Let us understand how we can submit map reduce job using YARN.
On our labs.sparkdatabox.com, we can search for appropriate hadoop examples jar by using find command.
find /usr/hdp -name "*hadoop*examples*.jar"
Pick up the latest version and use as part of the hadoop jar command to submit the job.
- The jar file is runnable jar and we can invoke other programs by passing appropriate arguments such as wordcount.
- wordcount program takes additional arguments such as input path and output path
- Here we have invoked wordcount with
/public/randomtextwriter/part-m-0000*
as input path and then/user/training/wordcount
as output. - It takes care of getting wordcount for each and every word in the 10 files matching the input path pattern.
hadoop jar \
/usr/hdp/2.6.5.0-292/hadoop-mapreduce/hadoop-mapreduce-examples.jar \
wordcount \
/public/randomtextwriter/part-m-0000* \
/user/training/wordcount
- It creates 90 mappers and 1 reducer.
- 90 mappers because we have 10 files with 9 blocks each and hence 90 mappers.

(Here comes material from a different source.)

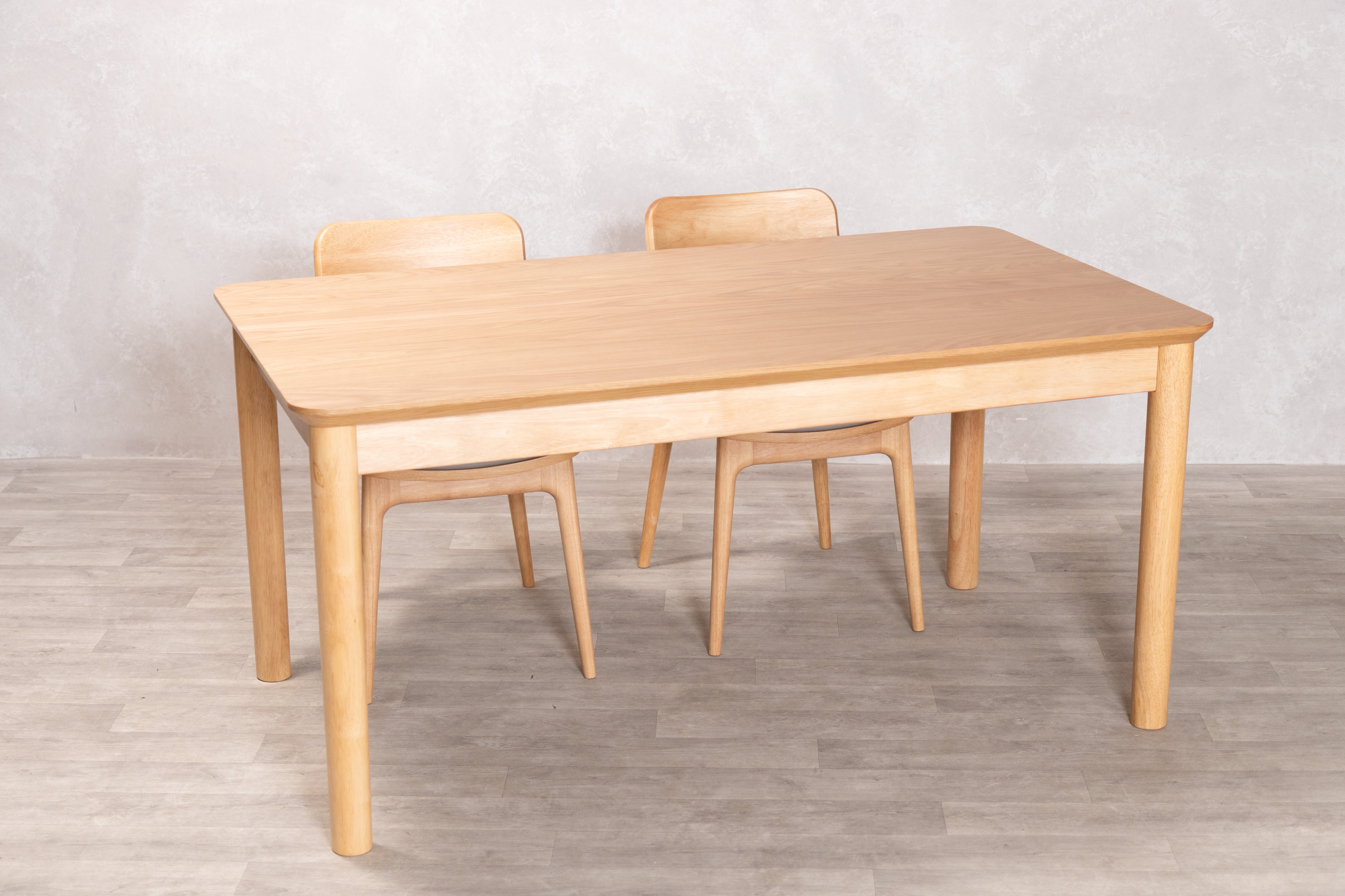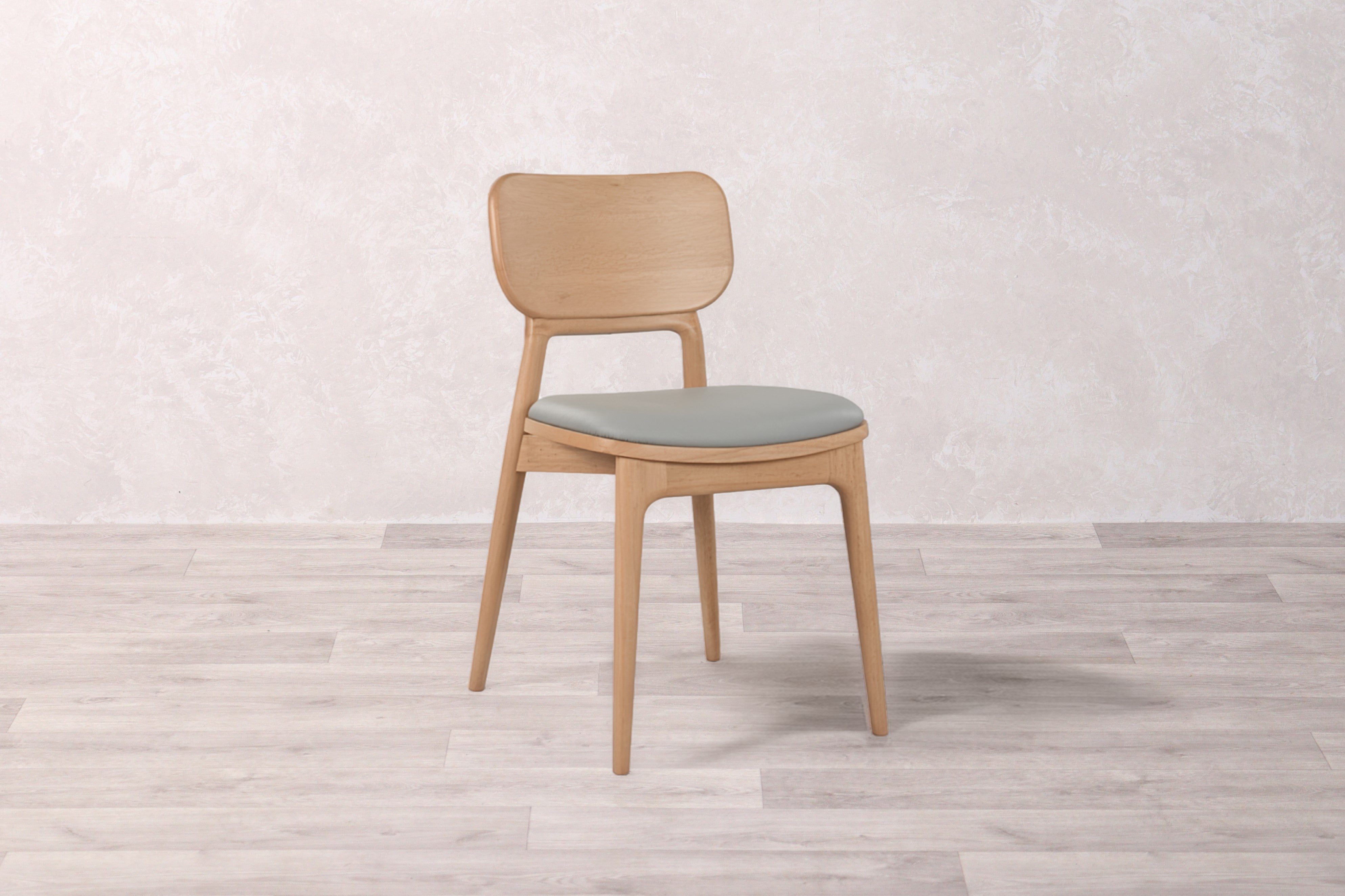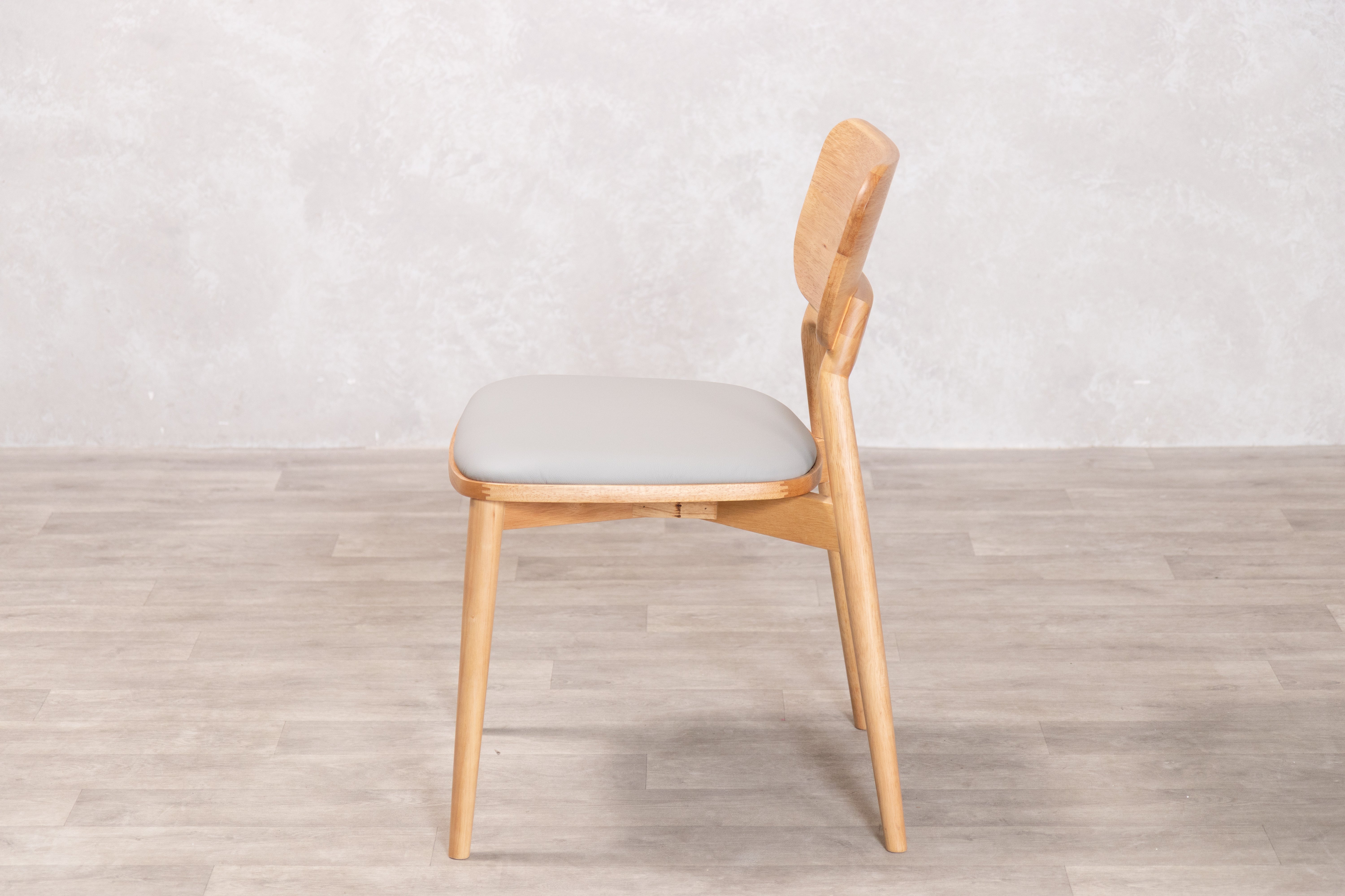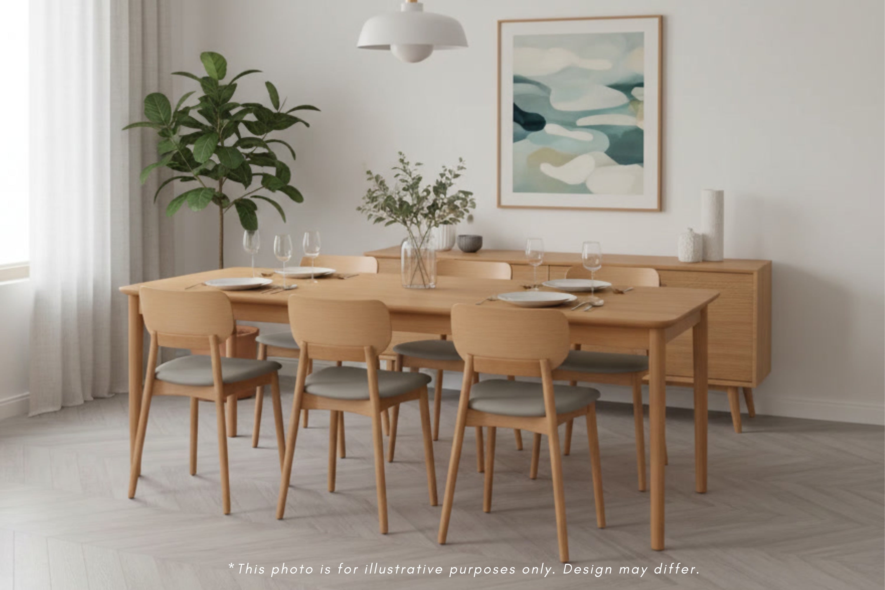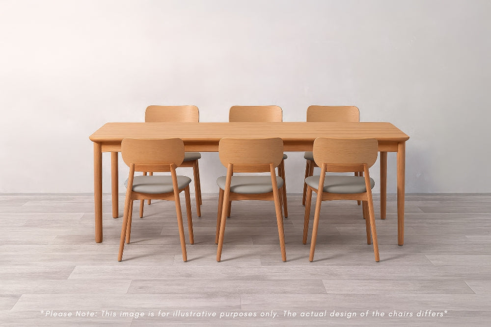 The Louisa Dining Set brings a warm and inviting feel to your dining space. This seven-piece set includes a rectangular dining table and six matching chairs, all crafted from hardwood with clean, simple lines that showcase the natural grain of the wood. The table provides generous surface space for dining and entertaining, with a sturdy frame and wooden offering stability and visual lightness. The chairs feature gently curved backrests and full leather upholstered seats that provide comfortable support, contrasting beautifully with the pale timber tone.

- Number of reducers are by default 1
- To speed up the process we can increase the number of reducers at run time using
-Dmapreduce.job.reduces
as part of hadoop jar command. - Once job is submitted, take the tracking URL and review the progress of the job.
- Go through the logs by navigating through the tasks that are either completed or being executed.